# Card Facilities at VapeCon 2017



## MrDeedz (7/8/17)

Hi All. Just a quick question. Will all Vendors have swiping facilities available ? ATM's available at the event too if i may query.

Reactions: Thanks 1


----------



## Yusuf Kathrada (7/8/17)

MrDeedz said:


> Hi All. Just a quick question. Will all Vendors have swiping facilities available ? ATM's available at the event too if i may query.


We at MY Vape will have card facilities,,, 


Sent from my F5121 using Tapatalk

Reactions: Thanks 1


----------



## Frostbite (7/8/17)

Atomix will have as well, Im pretty sure all the established Vendors with brick and mortars will have card facilities. Not sure about the internationals and online stores.
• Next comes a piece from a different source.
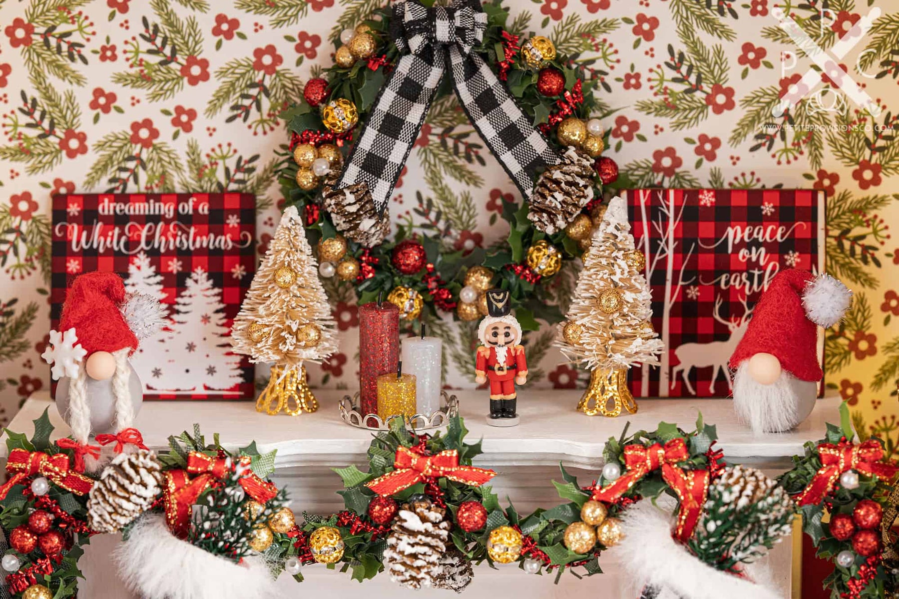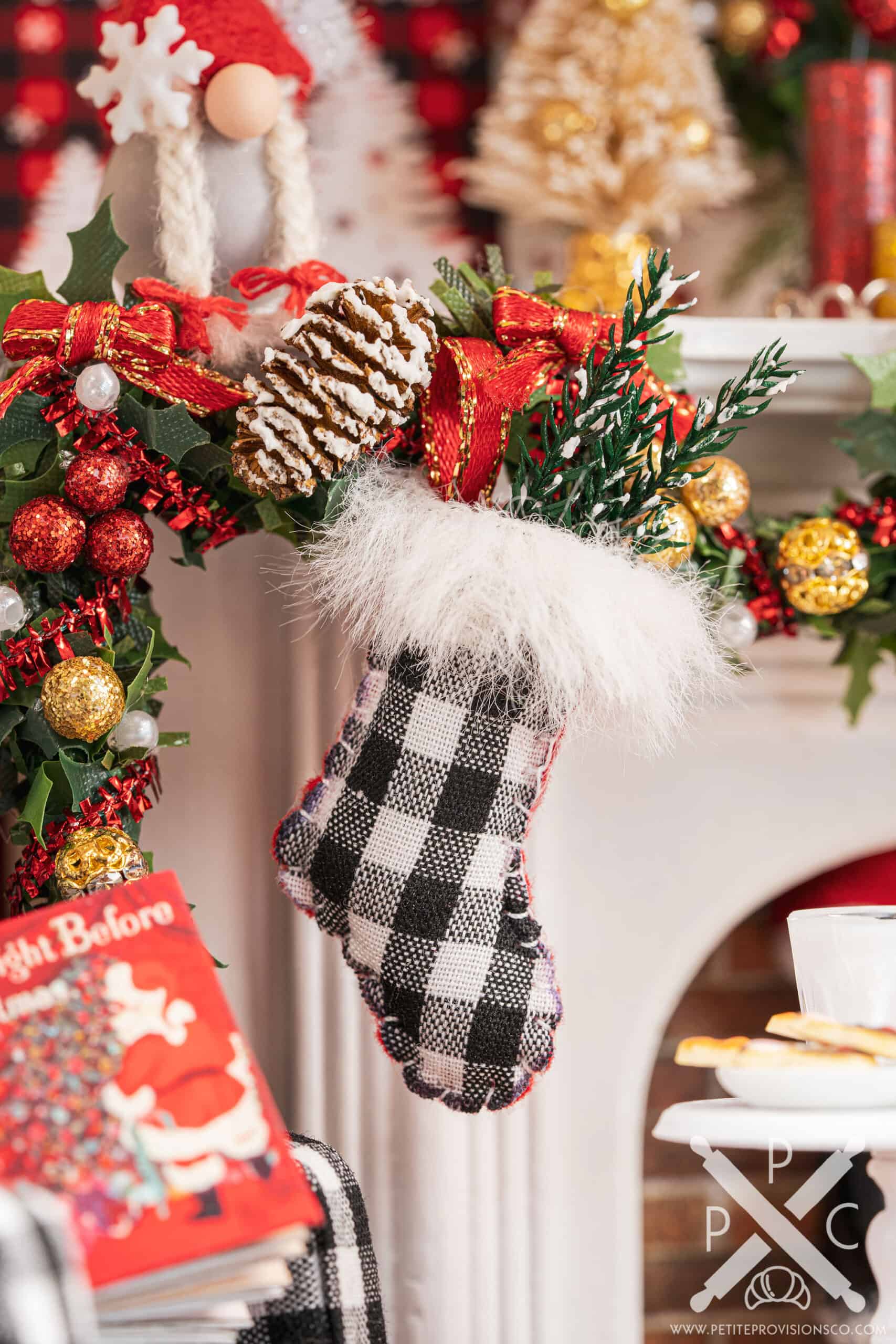 Saint Nick himself has just come down the chimney, and I can only hope he doesn’t track too much snow across the wood floors. The fireplace became a natural focal point, and I used the same decorative elements from the tree to create the wreath and garland along the mantle. Carrying those materials throughout the space helped everything feel cohesive and intentional.

Sent from my iPhone using Tapatalk

Reactions: Thanks 1


----------



## Silver (7/8/17)

Attention all exhibiting vendors at VapeCon 2017

Members want to know whether you will have credit card (swiping) facilities at your stand on 26 August 2017?

*Please let us know*

Let's use this thread and see. 
It's in the Who has Stock subforum, so please feel free to use it.
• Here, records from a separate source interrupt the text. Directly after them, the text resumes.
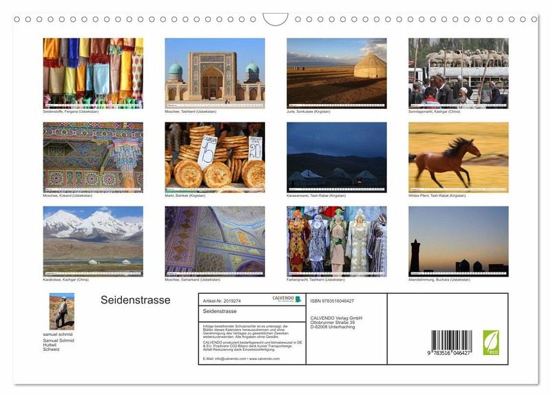 QUALITÄT - Hochwertiger Fotokalender mit 12 wunderschönen Motiven auf lichtbeständigem Bilderdruckpapier, robuste Spiralbindung mit Aufhängebügel.NACHHALTIG - deutliche Abfallreduzierung durch bedarfsgerechte Einzelstückfertigung, umweltfreundliches FSC-zertifiziertes Papier, Produktion in Deutschland, klimabewusste Logistik.PERFEKTES GESCHENK - Kalender für Freunde und Familie, für Kinder und Erwachsene, jung und alt, zu Weihnachten, Geburtstag oder zwischendurch.VIELFALT - Bildkalender in verschiedenen Formaten, z.B. DIN A5, DIN A4, DIN A3 sowie DIN A2. Ob Naturmotiv, Gemälde oder Fotos, ideal für ein persönliches Wohlfühlambiente.Städte, Landschaften und Menschen entlang der Seidenstrasse von Autor(in): samuel schmid
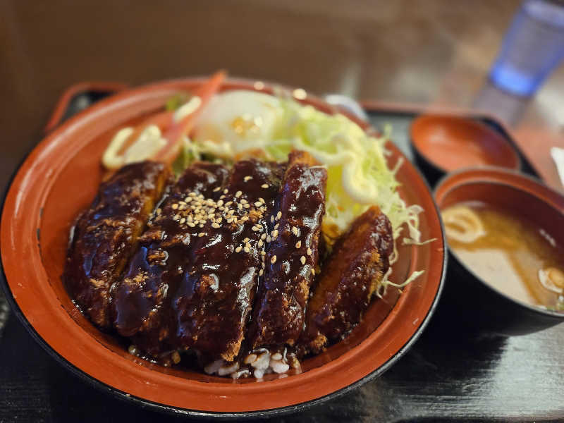 ソースカツ丼に温玉と野菜が乗っています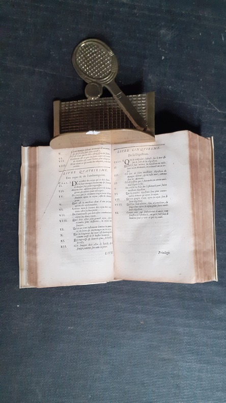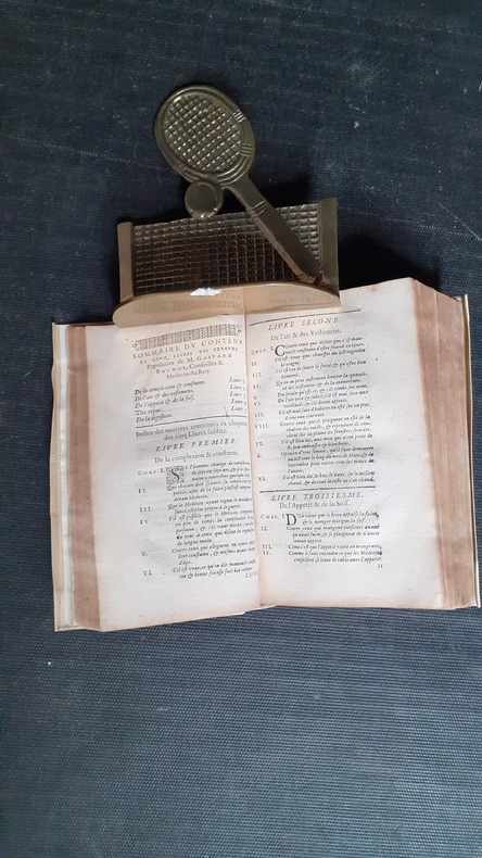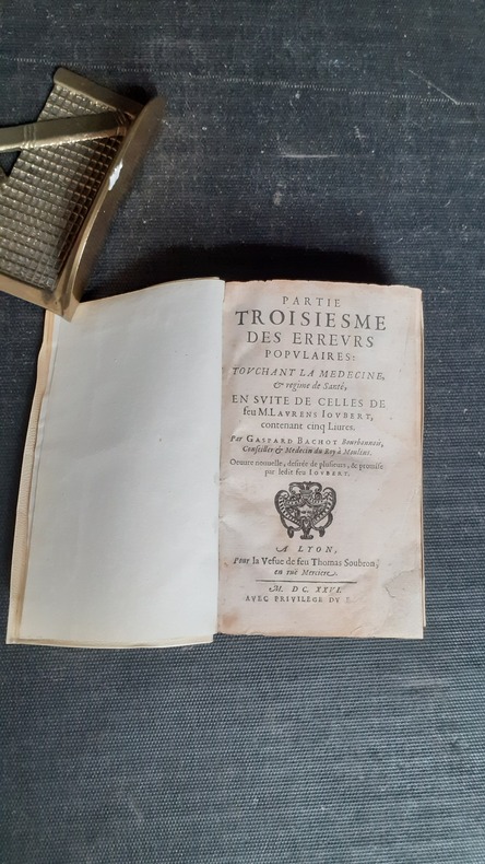 "Médecin et conseiller de Henri IV, Gaspard Bachot étudia la médecine à Paris et l’exerça pendant dix-sept ans à Thiers. L’ouvrage est le résultat de ses années d’expériences et s’inscrit en complément et en réfutation partielle des deux volumes publiés sous le même titre par le médecin dauphinois Laurent Joubert en 1578 et 1579. L’ouvrage renferme des allégations et conseils quelquefois surprenants : ""Les médecins tiennent qu’il n’y a point de si cruelle mort que celle qui arrive par la faim"" - ""Il ne faut ni lire, ni écrire, ni méditer après les repas"". Dans le cas d’un régime amaigrissant, l’auteur conseille ""Le vin sera blanc, verdelet, vieux et bu plutôt à la fin du repas que durant le manger ou à l’entrée"". Voir le sommaire sur photos jointes. "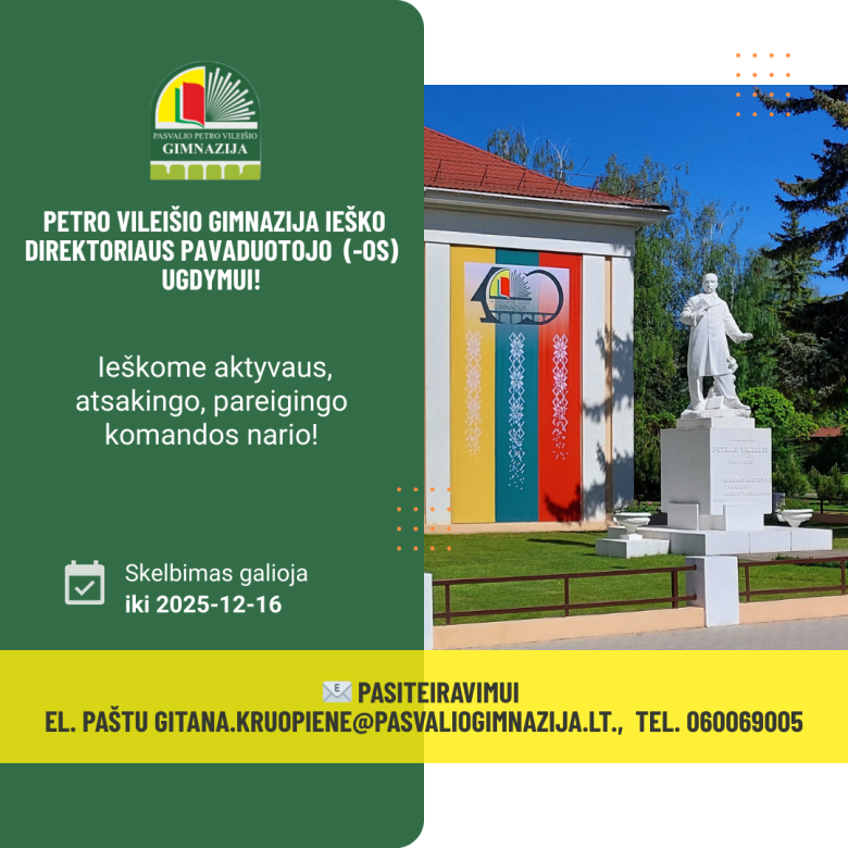 Pasvalio Petro Vileišio gimnazija ieško aktyvaus, atsakingo pareigingo komandos nario - Direktoriaus pavaduotojo ugdymui.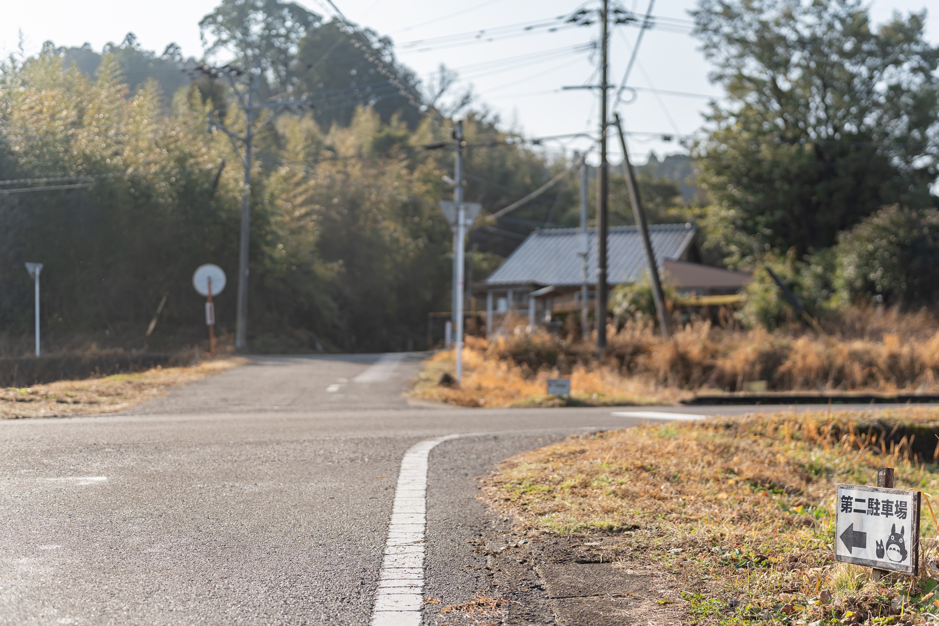 주변에는 논 밭 밖에 없는 조용한 시골마을 다카치호 미네 산이 이쁘게 보이는 들판 앞에 토토로가 그려져 있는 작은 간판의 주차장 표시가 보입니다. 사람이 제법 찾아오는지 제2 주차장이라는 표시도 보입니다.

This thread is in response to the great question by @MrDeedz here:
https://www.ecigssa.co.za/vapecon-2017-confirmed-vendors.t37674/page-9#post-566618


----------



## Frostbite (7/8/17)

Atomix will have card facilities available.
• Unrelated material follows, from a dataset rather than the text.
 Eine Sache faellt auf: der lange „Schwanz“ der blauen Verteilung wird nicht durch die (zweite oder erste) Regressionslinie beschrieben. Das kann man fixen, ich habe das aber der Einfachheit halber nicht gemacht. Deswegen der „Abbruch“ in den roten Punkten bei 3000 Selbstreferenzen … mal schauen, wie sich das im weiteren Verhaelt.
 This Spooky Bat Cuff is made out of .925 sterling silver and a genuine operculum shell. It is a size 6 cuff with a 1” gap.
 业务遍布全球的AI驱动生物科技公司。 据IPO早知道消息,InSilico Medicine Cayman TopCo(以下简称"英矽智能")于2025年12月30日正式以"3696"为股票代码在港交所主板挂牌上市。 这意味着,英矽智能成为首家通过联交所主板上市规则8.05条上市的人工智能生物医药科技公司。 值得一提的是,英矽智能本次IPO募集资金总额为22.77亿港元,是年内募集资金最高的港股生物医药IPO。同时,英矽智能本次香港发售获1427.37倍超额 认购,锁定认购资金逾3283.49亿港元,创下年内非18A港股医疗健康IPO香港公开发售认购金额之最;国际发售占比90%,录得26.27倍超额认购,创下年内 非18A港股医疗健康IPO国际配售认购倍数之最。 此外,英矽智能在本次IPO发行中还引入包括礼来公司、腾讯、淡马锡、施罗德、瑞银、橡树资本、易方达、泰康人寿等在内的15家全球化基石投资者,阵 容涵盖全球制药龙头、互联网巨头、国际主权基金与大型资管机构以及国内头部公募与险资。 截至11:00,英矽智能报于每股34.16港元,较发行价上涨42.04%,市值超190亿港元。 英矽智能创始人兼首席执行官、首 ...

Sent from my iPhone using Tapatalk

Reactions: Thanks 1


----------



## Silver (7/8/17)

MrDeedz said:


> Hi All. Just a quick question. Will all Vendors have swiping facilities available ? ATM's available at the event too if i may query.



Great question @MrDeedz
Have actually moved your OP to this newly created thread we are in now 

On the topic of ATM machines - we have a mobile ATM booked with two banks. I have been dealing with one of the banks myself and Rob with another. They tell us that the ATMs will be deployed. However, to my knowledge, at this point, they still have not done their site inspection yet. I am trying my best to follow up with them, but lets just say, it hasn't been easier. So lets hold thumbs that we can succeed on this front. I can assure you that we have been trying our best.


----------



## Mari (7/8/17)

MrDeedz said:


> Hi All. Just a quick question. Will all Vendors have swiping facilities available ? ATM's available at the event too if i may query.


E-Cig Inn will have a card machine available at VapeCon

Reactions: Like 1


----------



## Vapers Corner (7/8/17)

Vaper's Corner will have card facilities available

Reactions: Like 2


----------



## Stroodlepuff (7/8/17)

Vape King will have Card Facilities

Reactions: Like 1


----------



## Retro Vape Co (7/8/17)

Retro Vape Co. will have card facilities!

Reactions: Like 2


----------



## Cruzz_33 (7/8/17)

Drip Society will have card facilities available

Reactions: Like 1


----------



## MrDeedz (7/8/17)

Thanks @Silver and Vendors, We need to create some awareness on pick-pocketers and muggers, unfortunately these cockroaches are everywhere

Reactions: Agree 4 | Thanks 1


----------



## PsychoFluffy (7/8/17)

Card facilities at Troll Brothers- check!

Reactions: Like 1


----------